Dave Leggett | 30 March 2009

The spotlight is back on Detroit again this week and the big news today is that GM CEO Rick Wagoner has been forced to resign under pressure from the White House. The March 31  ‘viability’ deadline is looming and it’s becoming clear that more radical actions to restructure companies are urgently needed.

The US light vehicle market numbers for March are looking pretty horrendous (around 40% down on last year) and they are calling into question the assumptions made by both GM  and Chrysler in their existing turnaround plans.

Wagoner had to go for a host of political reasons related to the simple fact that he has presided over the unfolding crisis at GM. He may be very highly regarded as a manager, but he was seen by many as a symbol of the old guard and culture that has contributed, along with the unprecedented economic crisis, to GM’s current plight.

In return for the possibility of more federal funds at this late hour, he had to walk.

It wasn’t all that long ago that Wagoner was being hailed as the architect of a consensus-based turnaround for GM. He was seen as a shrewd negotiator and one who had the trust of  the UAW. He also saw off a determined boardroom challenge and an attempt to bounce him into teaming up with Renault-Nissan, further bolstering his position. His long tenure as CEO stands testament to his undoubted managerial skills and qualities.
In recent years GM has been doing many of the right things and taking the right steps to resize its business. However, its efforts were outflanked by the severity of the economic recession in the US and its impact on GM sales.

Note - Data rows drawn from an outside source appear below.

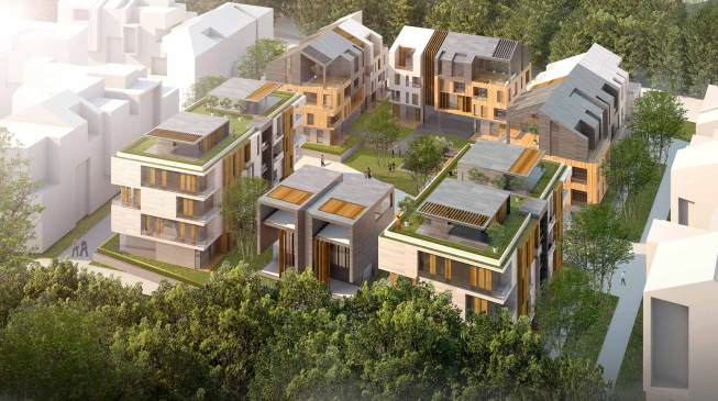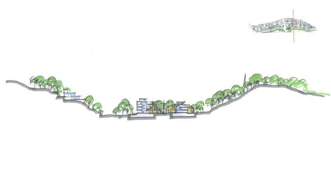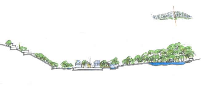 Nature (flora and fauna) corridors crossing the site, connecting the existing forest and new public park. The natural, existing ecosystem is also to be extended as far as possible into all other areas of the development, to protect and enhance biodiversity, and for the enjoyment of the users of the development.
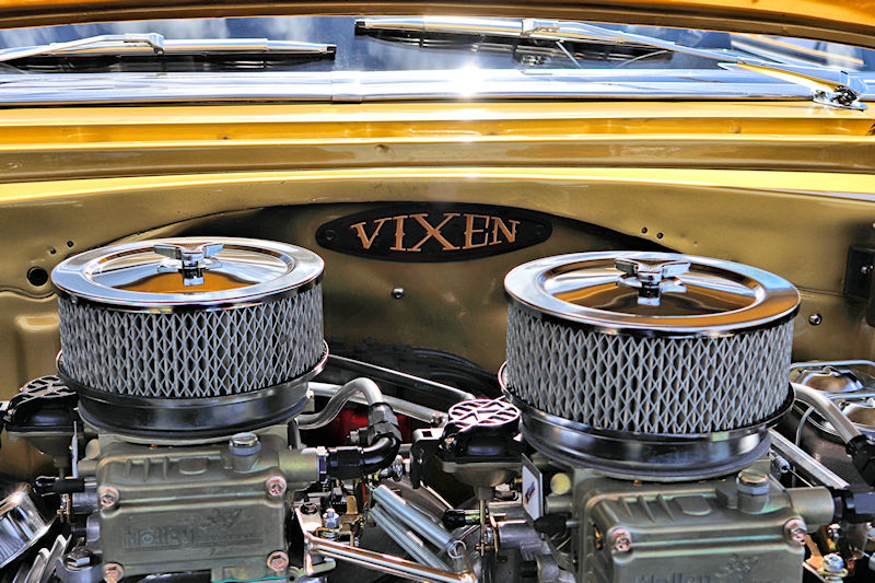 Under the hood, the word “Vixen” is on the firewall, seemingly standing guard over the engine. I wondered what that was all about, and Duncan, probably sensing that curiosity, explained, “The car’s named Vixen. I was at home one Saturday morning, and I was laying under the car block sanding the quarter panel, and I thought to myself, ‘I’ve got my hands on this car more than I do my wife’ so that morning, I said to my dad, ‘okay, her name’s Vixen, this is our girlfriend here.’ He owned the car for about a day and we cut the quarter panel in half took a body saw to it.” It’s impossible not to be more amazed by this car the more you look at it. It’s obvious Johnny Duncan and his father have, indeed, spent a lot of time and love on this “Vixen.”
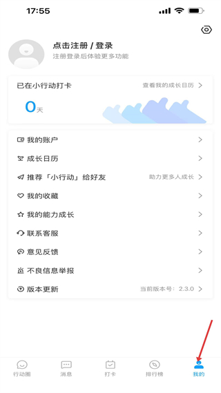 4、我的界面,可查看打卡天數、管理賬戶收藏,還有能力成長、客服反饋等功能,是用戶管理個人信息的中心。
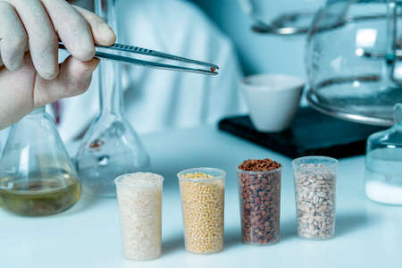 Healthy food concept. An assistant holds a grain with tweezers in a laboratory for food quality control of grain crops. Various varieties of cereals in a food laboratory.
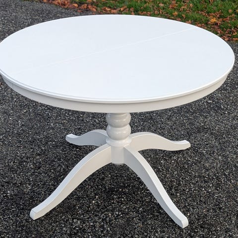 Brukt eldre spisebord m / en klaff selges. Rundt dm 118 cm. Inklusiv en klaff 158 cm.
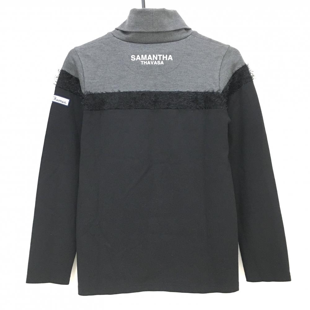 【超美品】サマンサタバサNo.7 長袖タートルネックシャツ 黒×グレー 一部起毛素材 レディース 38(M) ゴルフウェア Samantha Thavasa
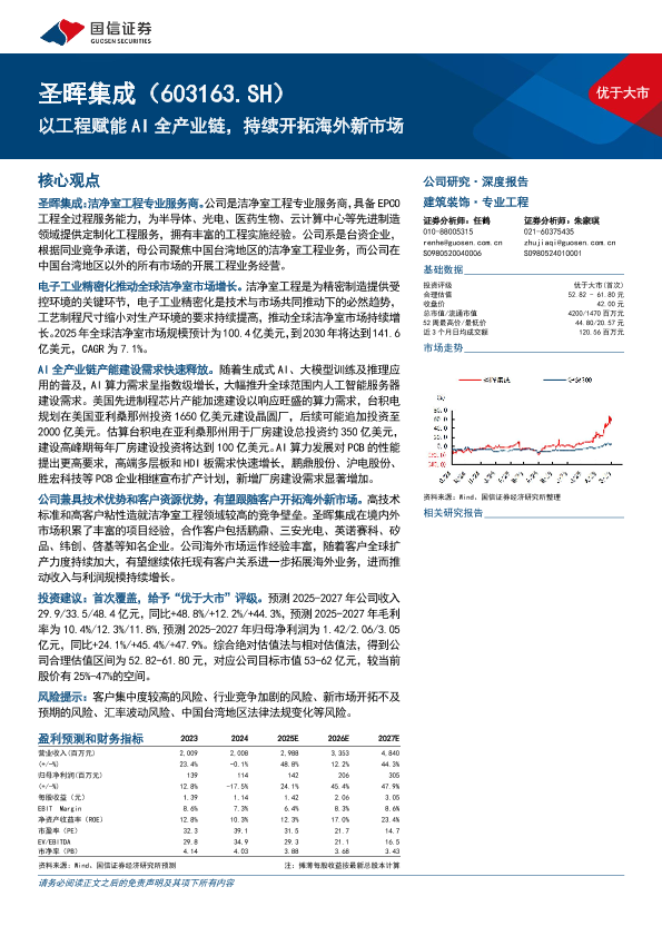 估值分析 AI产业链 半导体 洁净室工程 海外市场
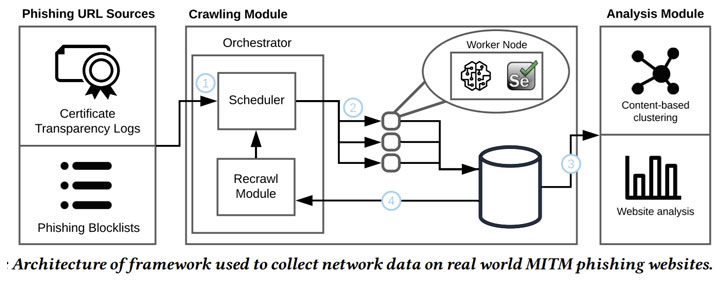 O método desenvolvido pelos pesquisadores envolve um classificador de aprendizado de máquina que utiliza recursos de nível de rede, como impressões digitais TLS e discrepâncias de tempo de rede para classificar sites de phishing hospedados por kits de ferramentas de phishing MitM em servidores proxy reverso. Também envolve uma estrutura de coleta de dados que monitora e rastreia URLs suspeitos de bancos de dados de phishing de código aberto, como OpenPhish e PhishTank , entre outros.
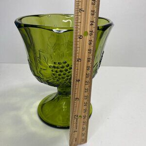 Vintage Indiana Glass Harvest Green Pressed Glass Grape Footed Candy & Compote
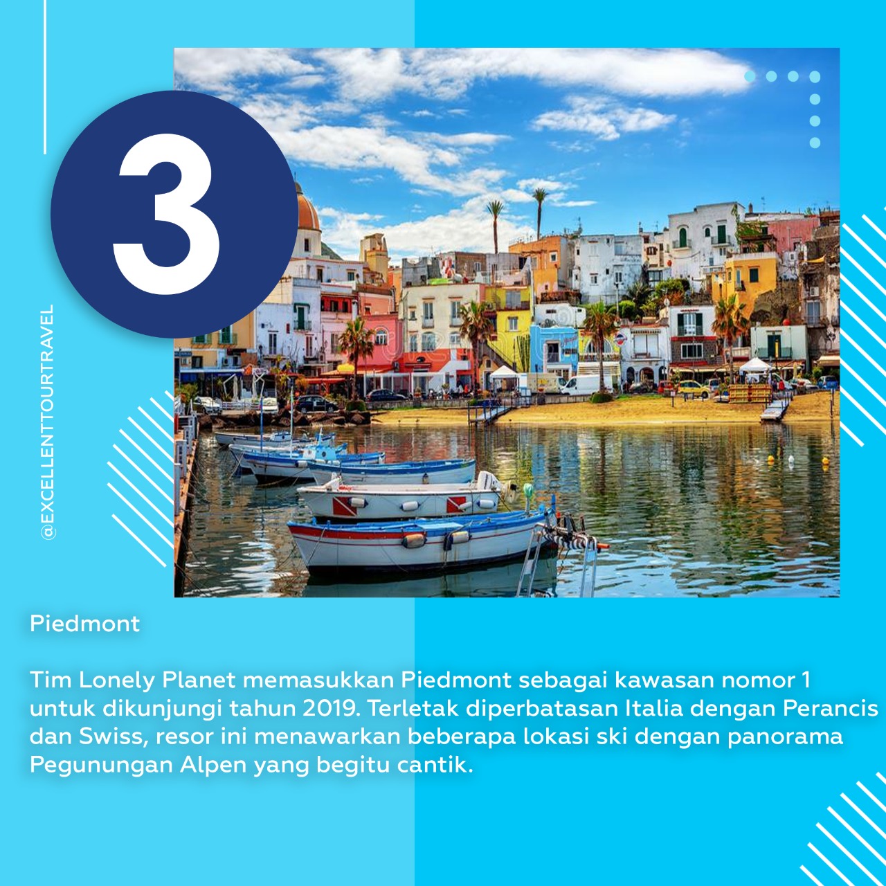 Tim Lonely Planet memasukkan Piedmont sebagai kawasan nomor 1 untuk dikunjungi tahun 2019. Terletak di perbatasan Italia dengan Perancis dan Swiss, resor ini menawarkan beberapa lokasi ski dengan panorama Pergunungan Alpen yang begitu cantik. Turin yang ada di kawasan Piedmont tidak hanya menjadi markas tim raksasa Italia, Juventus. Kota itu merupakan rumah Museum Otomotif Nasional dan pabrik Fiat Lingotto yang menampilkan jaur uji boca di atas atap. Satu keunikan Piedmont bisa ditemukan di Kota Ivrea, Provinsi Torino. Di sini diadakan pertarungan makanan besar-besaran setiap tahunnya. - Palermo
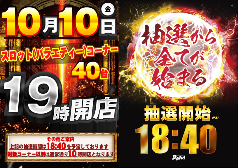 パチンコ320台 スロット120台の 抽選時間は9時40分
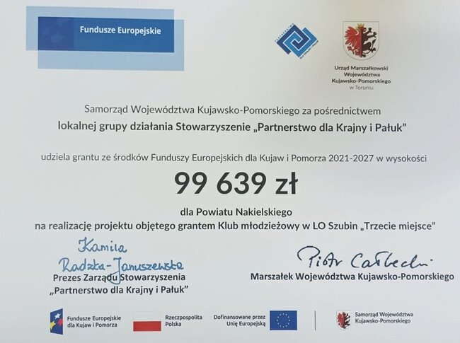 Zajęcia i wyjazdy w ramach działania Klubu młodzieżowego “Trzecie miejsce” w I Liceum Ogólnokształcącym w Szubinie są całkowicie bezpłatne, dofinansowane w ramach inicjatywy „Młodzi w Dolinie Noteci”, współfinansowanej ze środków programu regionalnego Fundusze Europejskie dla Kujaw i Pomorza 2021–2027.
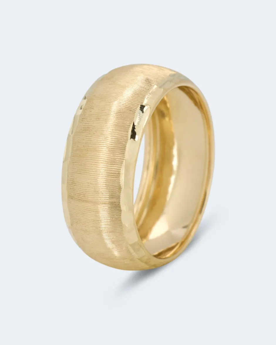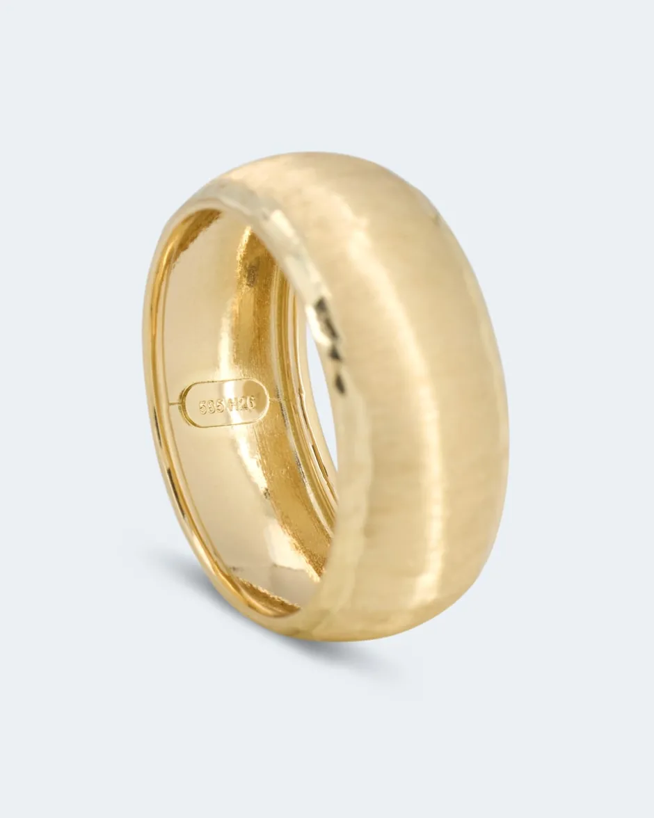 Mit diesem Bandring sichern Sie sich einen stilvollen Begleiter in hochwertiger Verarbeitung, der jeden Tag in einen Schmucktag verwandelt und jedes Outfit veredelt. Aus hochwertigem Gelbgold 585 geschmiedet, gefällt der Ring durch seine edel satinierte Außenseite und die diamantgeschliffenen Kanten. Abgerundet wird der elegante Look durch die hochglanzpolierte Innenseite. Tipp: Passende Halbcreolen im selben Design finden Sie unter 472904.
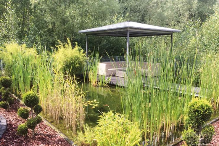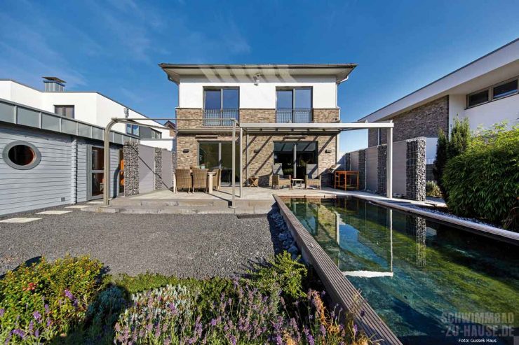 Genau aus diesem Grund setzt dieses Architektenhaus vom Hersteller Gussek Haus auf Luft nach oben. Durch das Walmdach gewinnt das Haus optisch an Höhe, ohne dabei Platz einzubüßen. Wasser und Design liegen den Hausherren schon immer sehr am Herzen. Die überdachte Terrasse, die perfekt zum Südwesten ausgerichtet ist, beschert hier ein sonniges Badeerlebnis im mit Folie ausgestatteten Naturpool. Als Teichtechnik wird ein Pumpensumpf und eine nachgeschaltete Filteranlage mit UVC-Filter der Firma Oase verwendet.
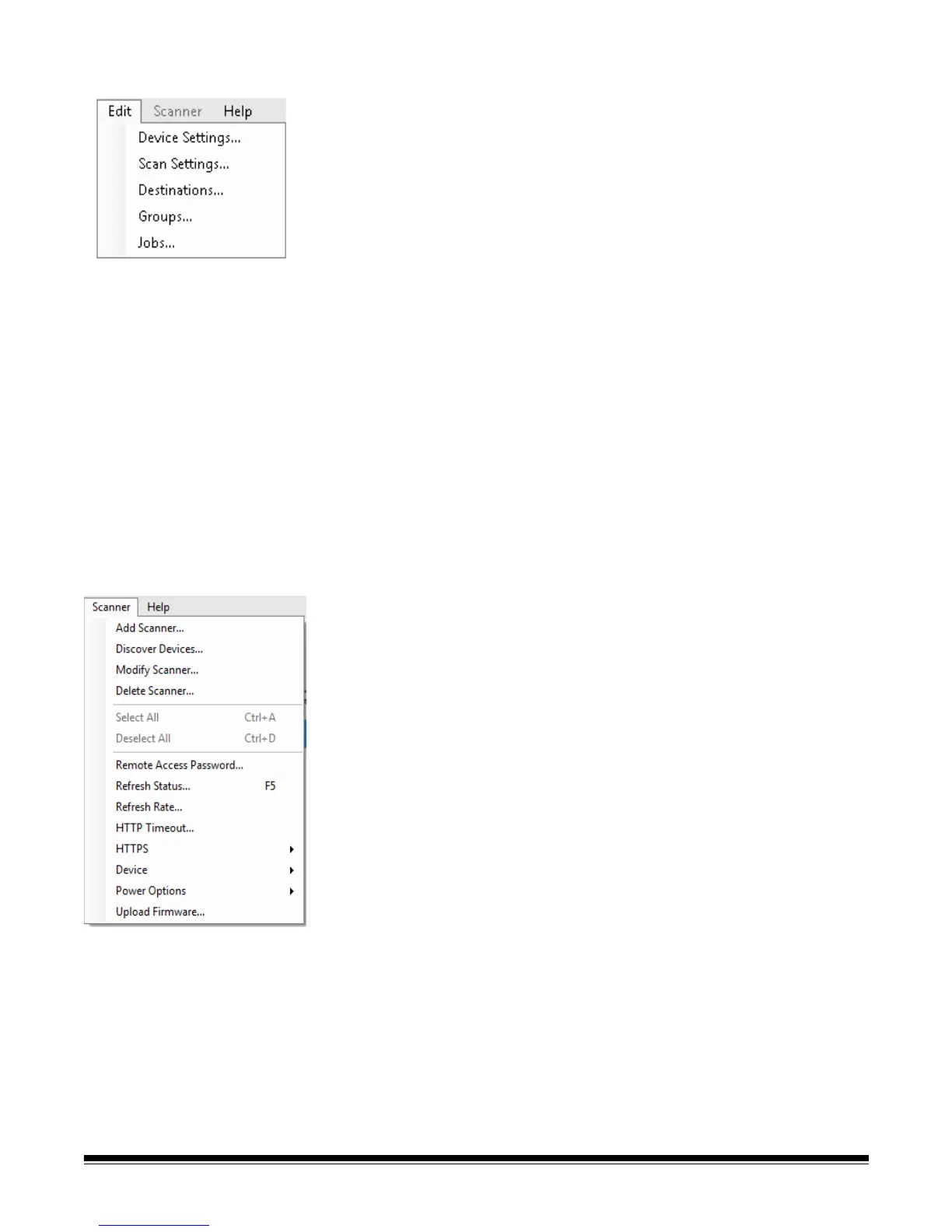 Scanner menu Following is a description of the menu options on the Scanner menu.
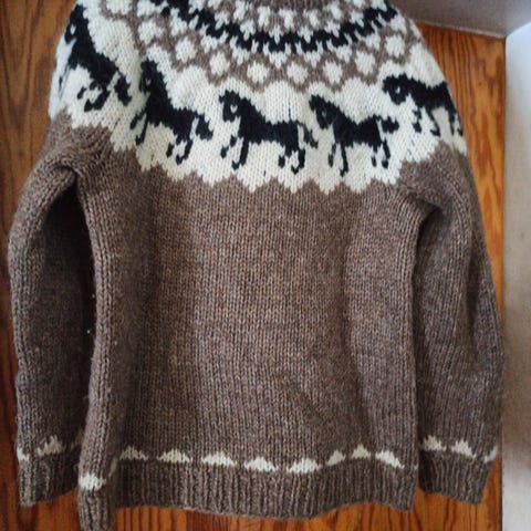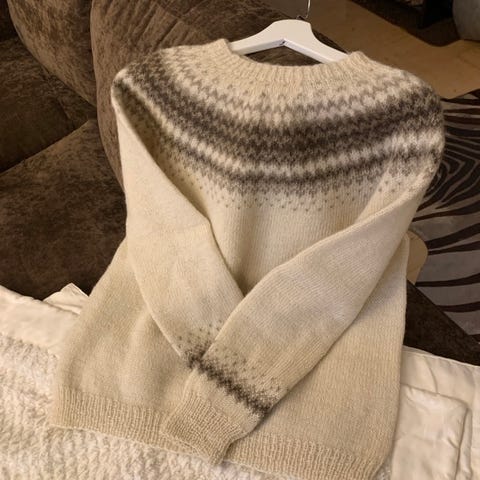 Neule on itse tehty Lettlopi langasta, mikä on 100% islantilaista villaa.
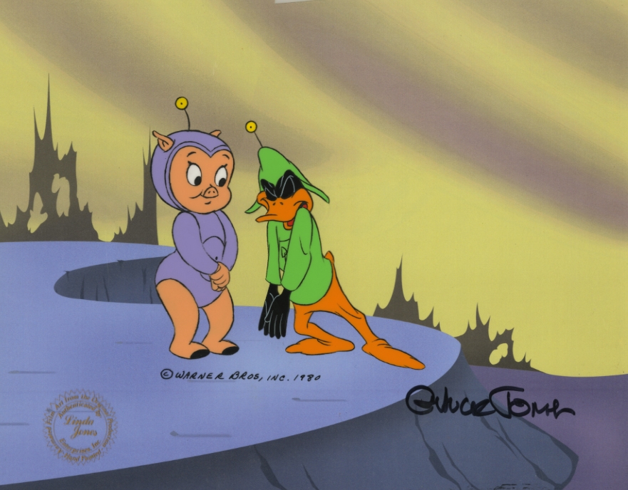 This is an original hand painted production cel used in making "Duck Dodgers and the Return of the 24th 1/2 Century" 1980. Featured here are Porky Pig and Daffy Duck. This is signed by the late Chuck Jones.
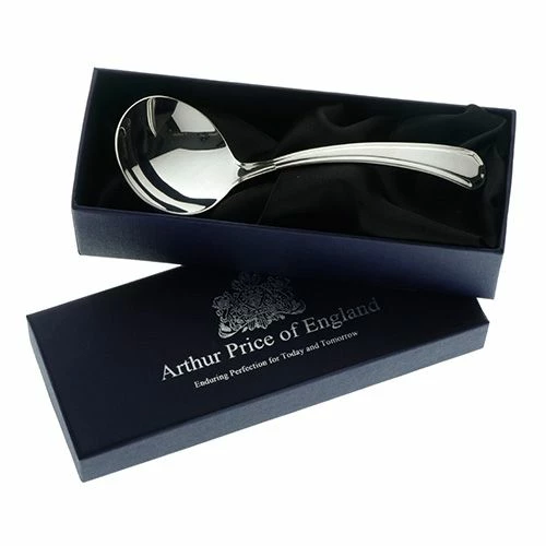 This Arthur Price of England Sovereign Silver Cream Ladle in the Grecian pattern has a silver thickness of up to 40 microns. Unconditionally guaranteed for life and will offer a richness of patination, in time, that is beyond compare.

Wagoner’s critics will say that he should have acted sooner and with greater resolve to put things right. Whether that is a fair criticism or not, he was the CEO and the buck has to stop somewhere and be seen to stop somewhere.

President Obama’s message to GM appears to be that we have now really reached the last chance saloon and that there is absolutely no room for niceties. For the man who replaces Wagoner as CEO, Fritz Henderson, it will be a very hot seat with some tough decisions on cost cutting having to be taken immediately.